Applying the changes: Restart the service:

sudo systemctl restart edcdvm

Session Monitoring (ARS Integration)

These flags send session data to ARS (Accops Reporting Server).

Flag Name	Default Value	Possible Values	Description
SendSessionChangeData	false	true / false	Sends session state change events.
SendPeriodicSessionData	false	true / false	Enables periodic session data reporting.
PeriodicSessionDataIntervalInMins	30	Integer	Interval for periodic session updates.

Applying Changes: After modifying the above configuration flags, restart the Desktop Agent service using the following command:

sudo systemctl restart edcdvm

Agent will start sending the session data to the ARS.

Process Monitoring Configuration (ARS Integration)
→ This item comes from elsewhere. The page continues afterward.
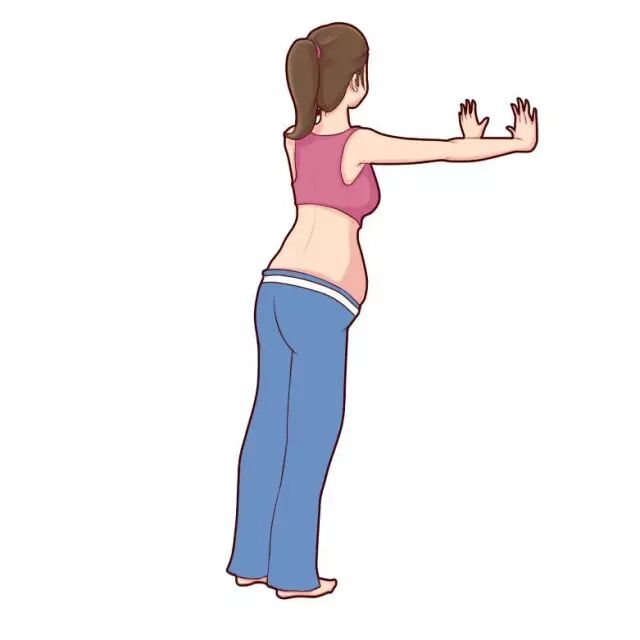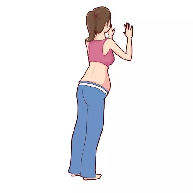 step1 面对墙一臂距离站立,双脚分开与肩同宽,手掌贴墙。
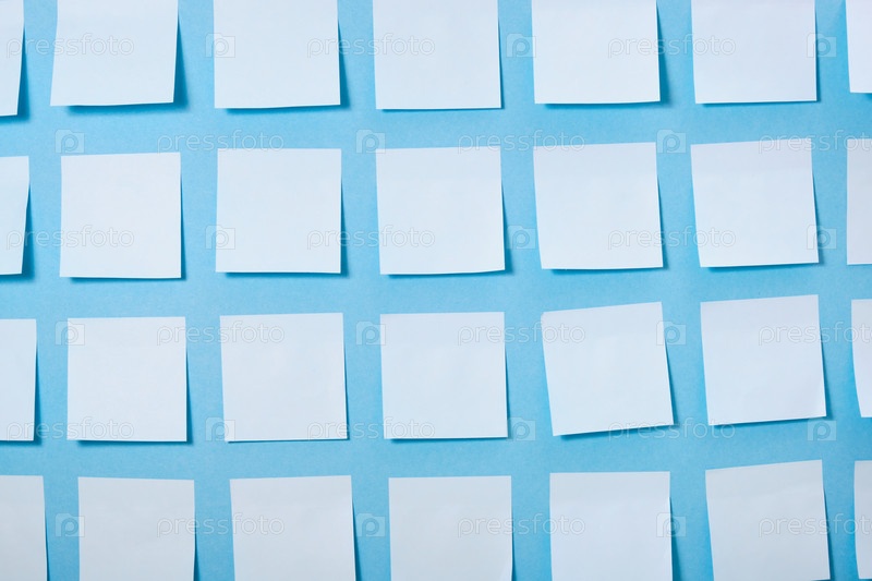 Много светло-голубых бумажных наклеек на синем фоне, рисунок наклеек для заметок, макет, пространство для копирования

To enable process monitoring for user sessions and view this data in ARS (Accops Reporting Server), specific configuration needs to be applied on the Linux VM. This configuration enables real-time process monitoring for user sessions and sends the data to ARS for analysis. It helps administrators:

Monitor user activity
Identify high CPU/memory usage applications
Troubleshoot performance issues
Analyze session behavior efficiently

Configuration File Location: Navigate to the following path and open the file:

sudo nano /etc/accops/dvm/usermonitoringinfo.json

Configuration Parameters

Enable or modify the following flags based on your monitoring requirements:

Flag Name	Description	Recommended Usage
IsMonitorAllProcess	Enables monitoring of all user processes	Set to true for complete monitoring
IsMonitorTopCpuProcesses	Monitors top CPU-consuming processes	Useful for performance analysis
IsMonitorTopMemProcesses	Monitors top memory-consuming processes	Helps identify memory-heavy apps
MonitoringInterval	Time interval (in seconds) for data collection	Default: 10 seconds
TopNProcesses	Number of top processes to track	Default: 5
SendDataInJson	Sends monitoring data in JSON format to ARS	Keep enabled (true)

Applying Changes

After modifying the above configuration flags, restart the Desktop Agent service using the following command:

sudo systemctl restart edcdvm

Workgroup Environment to Skip User Creation

Following flag in sudo nano /etc/accops/dvm/agentconfig.json can be kept as true, if agent should not process user creation in Workgroup environment.

Flag Name	Default Value	Possible Values	Updated By	Description
SkipCreateUser	false	true / false	Admin	Skips local user creation during session start.

Restart DVM Agent Service using command sudo systemctl restart edcdvm to apply the changes.

Note

If user does not exist on the target Linux desktop, user connections will fail.